--- How to complete this task ---
Include the line with "2022年上半年,佛山市固定" and every line before it in the entries below, echoed exactly, but not the pictures.

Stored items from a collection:
§ §

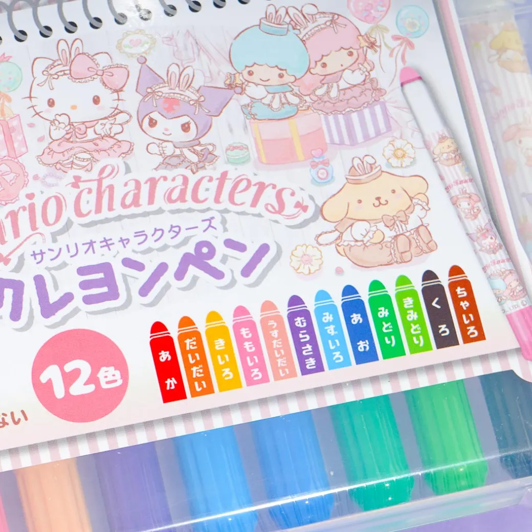 Grab a coloring book and have fun with these kawaii twistable crayon pens. They come in a plastic container decorated with illustrations of the Sanrio Characters wearing bunny ears. Each pen has a cap and plastic barrel body you’ll need to twist to dispense the color.
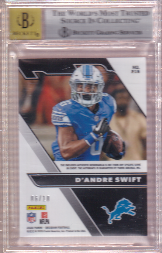 D'ANDRE SWIFT 2020 Panini Obsidian Rookie Jersey Autograph - Electric Etch Red 06/10 BGS 9 / Auto 10 Card RC #215 Detroit Lions
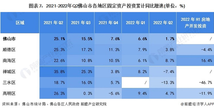 2022年上半年,佛山市固定资产投资同比增长1.7%。分地区来看,南海区固定资产投资增速最快,达8.7%,其中房地产开发投资增速达16.4%;三水区固定资产投资降幅最大,为13.3%,其中房地产开发投资降幅达到了46.7%。
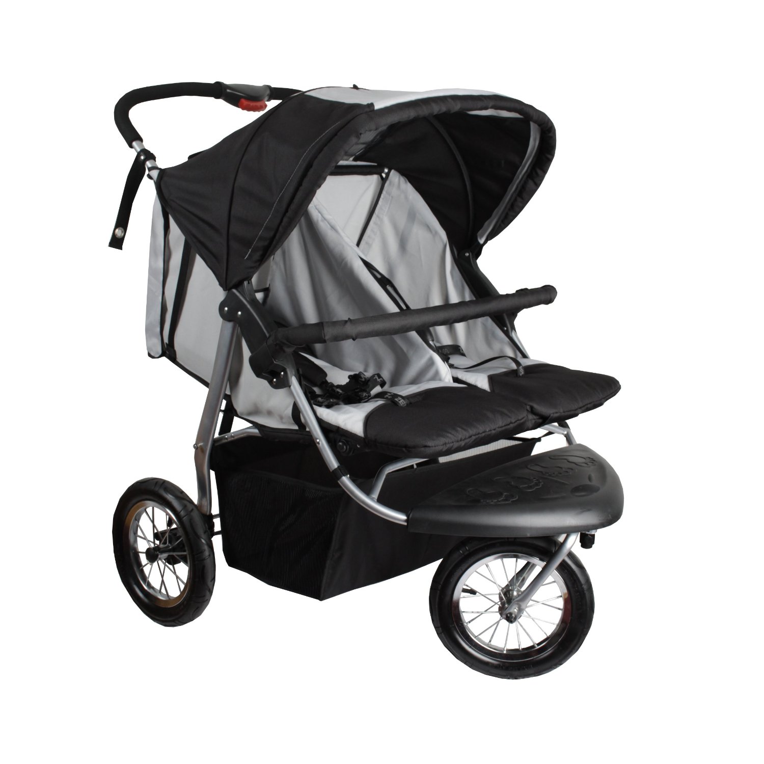 Der DUO präsentiert sich als sportliches Gefährt, in dem zwei Geschwister gleichen oder gering unterschiedlichen Alters auf drei Rädern unterwegs sind. Die 20 Zentimeter großen Lufträder schaukeln so manche Bodenunebenheiten weg, eignen sich also ganz besonders für die Ausfahrt im Gelände oder auf Wald- und Feldwegen. Mit genügend Raum für jedes Kind scheint das Gefährt nicht zu geizen: Auf 31 Zentimetern Sitzbreite und einer Liegefläche von 81 x 31 x 2 Zentimetern finden auch größer gewachsene Kinder ausreichend Platz, was vor allem bei langen Ausfahrten mit höherem Ermüdungsfaktor für die Kleinen ein echter Vorteil ist.
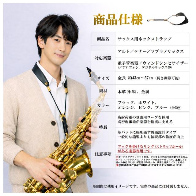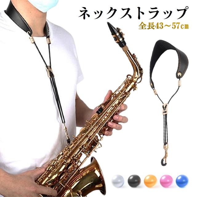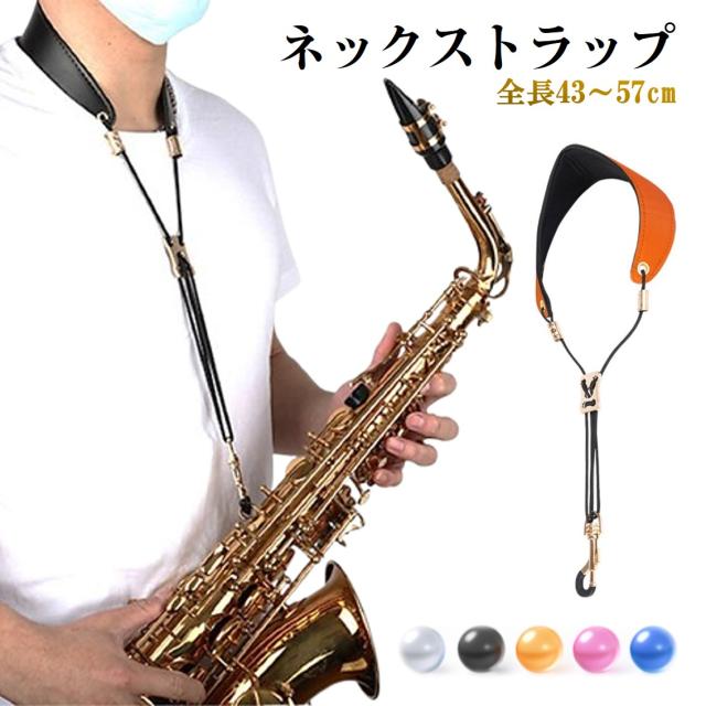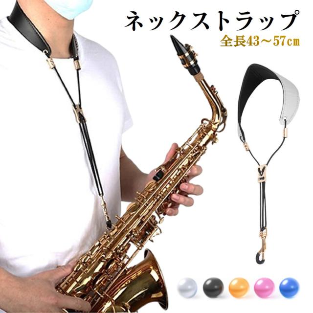 サックス ネックストラップ サックスストラップ 本革 ネックパッド付き 長さ調整可能 楽器 アルトサックス テナーサックス ソプラノサックス エアロフォン 対応
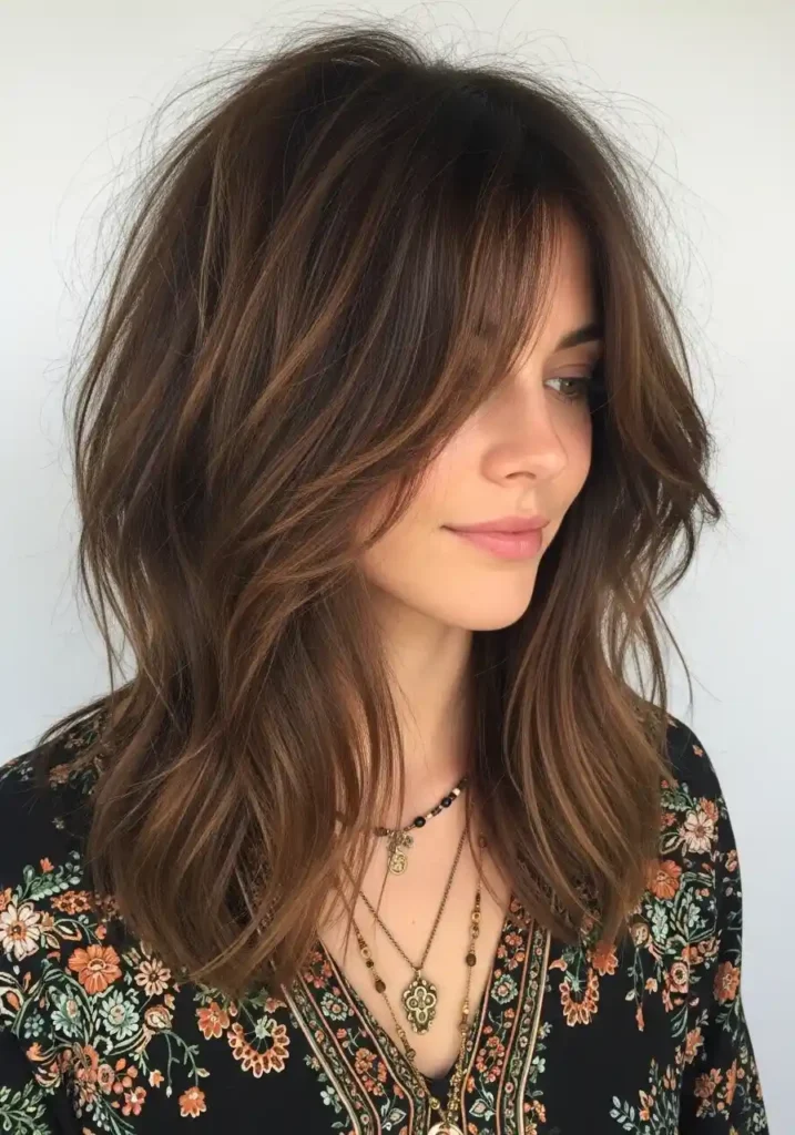 Shaggy layers create that coveted 70s-inspired texture through heavy layering from crown to ends, producing incredible movement and dimension throughout. The addition of curtain bangs—longer face-framing pieces that part in the center—adds softness around the face while maintaining the shag’s characteristic choppy texture. This combination creates effortlessly cool aesthetic that works across age groups despite its association with younger demographics. The heavy layering prevents any section from appearing too heavy or dragging down, instead creating dynamic flow and bounce that moves beautifully whether you’re walking, dancing, or simply turning your head.

§ §

--- Response box ---
 Grab a coloring book and have fun with these kawaii twistable crayon pens. They come in a plastic container decorated with illustrations of the Sanrio Characters wearing bunny ears. Each pen has a cap and plastic barrel body you’ll need to twist to dispense the color.
 D'ANDRE SWIFT 2020 Panini Obsidian Rookie Jersey Autograph - Electric Etch Red 06/10 BGS 9 / Auto 10 Card RC #215 Detroit Lions
 2022年上半年,佛山市固定资产投资同比增长1.7%。分地区来看,南海区固定资产投资增速最快,达8.7%,其中房地产开发投资增速达16.4%;三水区固定资产投资降幅最大,为13.3%,其中房地产开发投资降幅达到了46.7%。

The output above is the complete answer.